» Task details
Give the data below again exactly as it stands. Omit the pictures.

» Information provided
########################################

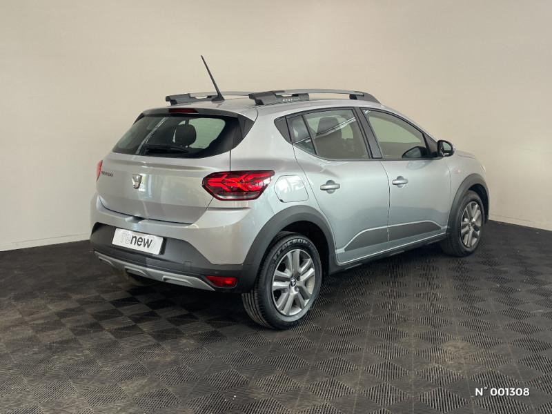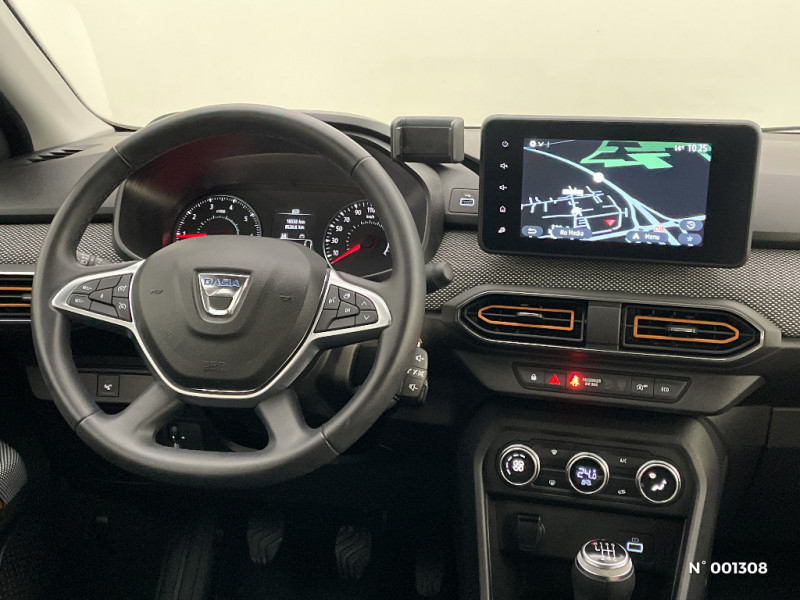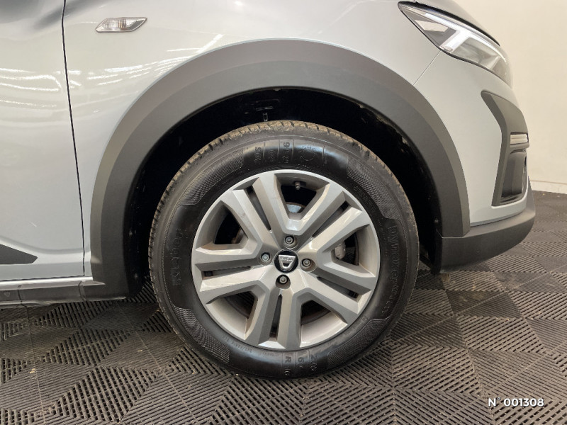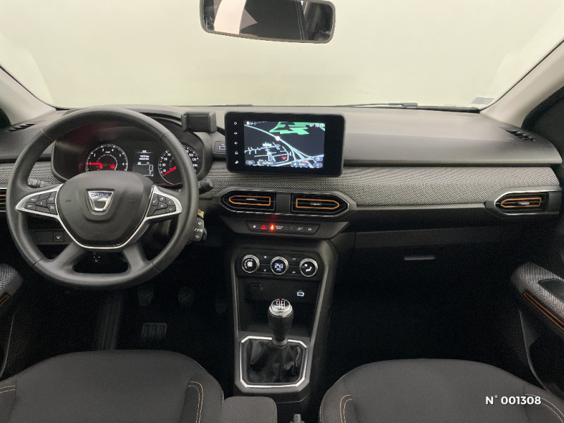Alerte d'oubli de bouclage des ceintures de sécurité / Kit de gonflage / Rétroviseurs extérieurs ton carrosserie / Clé 3 boutons / Console basse + rangement ouvert / Cluster TFT / Enjoliveur 16'' Saria - Stepway / Harmonie intérieur / Sellerie Stepway avec surpiqures / Volant Soft Feel TEP / Airbag latéral avant : thorax + rideau / Feux arrières avec signature lumineuse Y / Système de freinage d'urgence autonome à des vitesses interurbaines 30-140km/h / Media display (écran 8'', réplication smartphone, 4 haut-parleurs, 1 port USB, 1 support téléphone) / Signature lumineuse DACIA en Y à LED / Rappel de bouclage de ceintures / Plancher de coffre plat / Fonction éco-mode
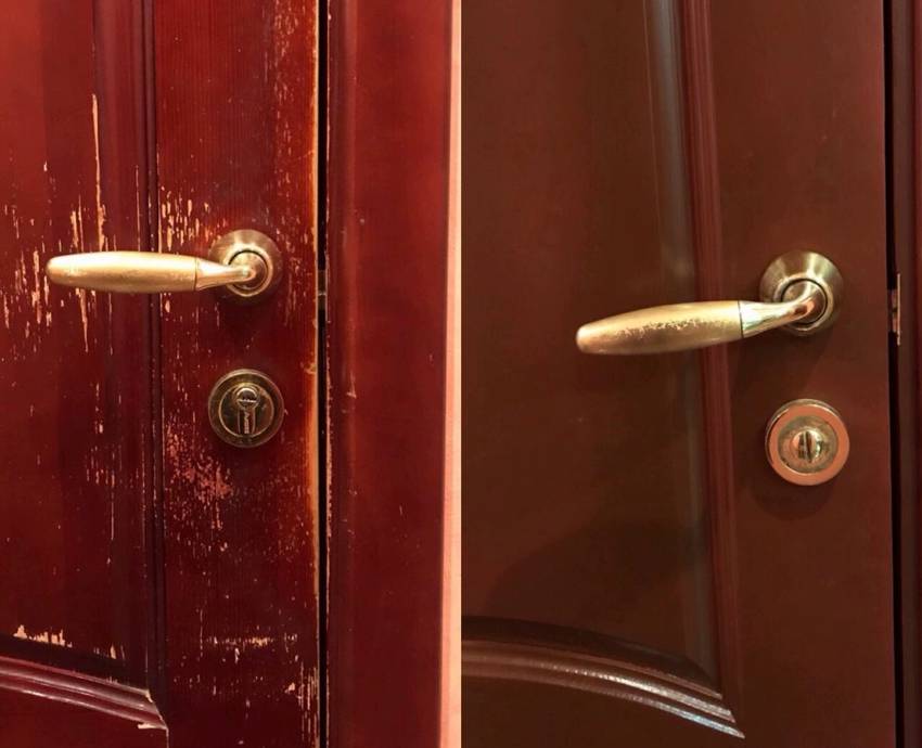 Шпонированные двери при грамотном уходе за ними будут служить не один десяток лет. Только и в данном случае от незначительных царапинок и дефектов им не защититься. Следовательно, необходимо иметь понятие, как реконструировать дверь, облицованную шпоном собственными руками. Осуществить это просто посредством доступных материалов и элементарного инструментария.
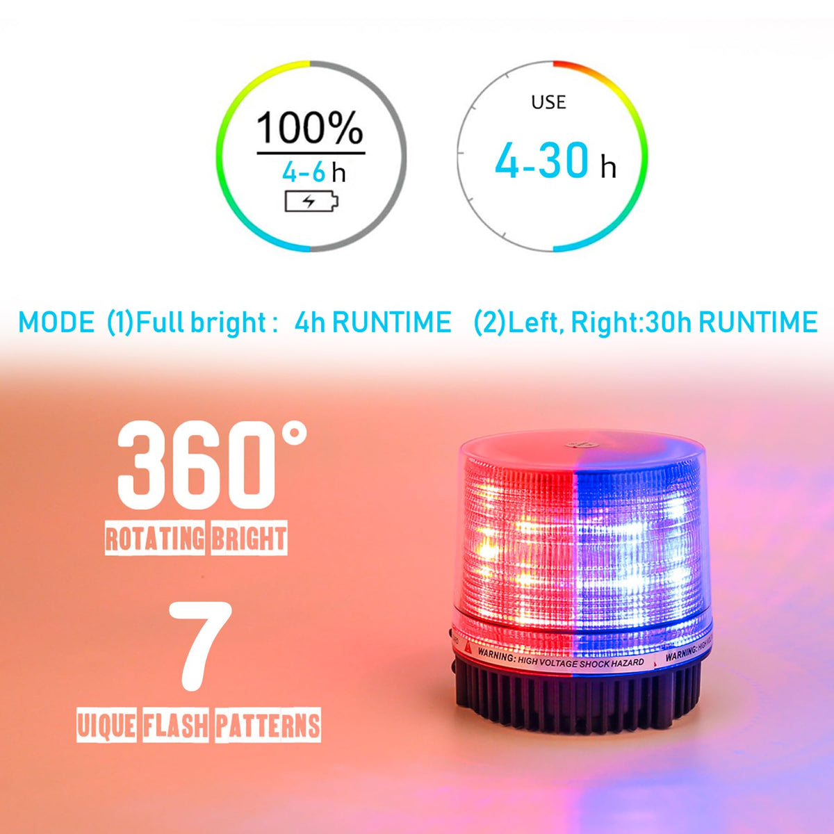 Our company specializes in all warning vehicles, fire lights, emergency lights, warning lights, police lights, police LED lights, construction lights, construction warning lights, visor lights and construction beacons. The Led Strobe Light bar is made of 18 high intensity leds and 6000 mAh Lithium battery. For snow plow, cop trucks, bus, police, emergency construction vehicle, postal service, safety warning etc. LE-JX offer comprehensive pre-sales and after-sales service. If you have any other questions,please contact us right now. Specifications All automobiles and devices equipped with a 12 Volt DC power source. Capacity:6000mah Charge voltage:4.2V Standard charging:4-6H Storage temperature:-15?~+55? Charging temperature:0?~+45? Size:4.5 4.5 4.5 Features 1. high intensity LED with wide optic lenses for maximum intensity. 2. Self-contained Led unit; no external flasher required. 3. 9 selectable flash patterns. (Full bright and Left, Right). 4. The Wireless Rotating Beacon is weather proof, it can be used under any conditions. 5. Angle adjustable mounting brackets. Product Inclue 1 x Wireless Rotating Beacon. 1 x Cigar Lighter Rechargeable Plug.

########################################

» Your solution
Alerte d'oubli de bouclage des ceintures de sécurité / Kit de gonflage / Rétroviseurs extérieurs ton carrosserie / Clé 3 boutons / Console basse + rangement ouvert / Cluster TFT / Enjoliveur 16'' Saria - Stepway / Harmonie intérieur / Sellerie Stepway avec surpiqures / Volant Soft Feel TEP / Airbag latéral avant : thorax + rideau / Feux arrières avec signature lumineuse Y / Système de freinage d'urgence autonome à des vitesses interurbaines 30-140km/h / Media display (écran 8'', réplication smartphone, 4 haut-parleurs, 1 port USB, 1 support téléphone) / Signature lumineuse DACIA en Y à LED / Rappel de bouclage de ceintures / Plancher de coffre plat / Fonction éco-mode
 Шпонированные двери при грамотном уходе за ними будут служить не один десяток лет. Только и в данном случае от незначительных царапинок и дефектов им не защититься. Следовательно, необходимо иметь понятие, как реконструировать дверь, облицованную шпоном собственными руками. Осуществить это просто посредством доступных материалов и элементарного инструментария.
 Our company specializes in all warning vehicles, fire lights, emergency lights, warning lights, police lights, police LED lights, construction lights, construction warning lights, visor lights and construction beacons. The Led Strobe Light bar is made of 18 high intensity leds and 6000 mAh Lithium battery. For snow plow, cop trucks, bus, police, emergency construction vehicle, postal service, safety warning etc. LE-JX offer comprehensive pre-sales and after-sales service. If you have any other questions,please contact us right now. Specifications All automobiles and devices equipped with a 12 Volt DC power source. Capacity:6000mah Charge voltage:4.2V Standard charging:4-6H Storage temperature:-15?~+55? Charging temperature:0?~+45? Size:4.5 4.5 4.5 Features 1. high intensity LED with wide optic lenses for maximum intensity. 2. Self-contained Led unit; no external flasher required. 3. 9 selectable flash patterns. (Full bright and Left, Right). 4. The Wireless Rotating Beacon is weather proof, it can be used under any conditions. 5. Angle adjustable mounting brackets. Product Inclue 1 x Wireless Rotating Beacon. 1 x Cigar Lighter Rechargeable Plug.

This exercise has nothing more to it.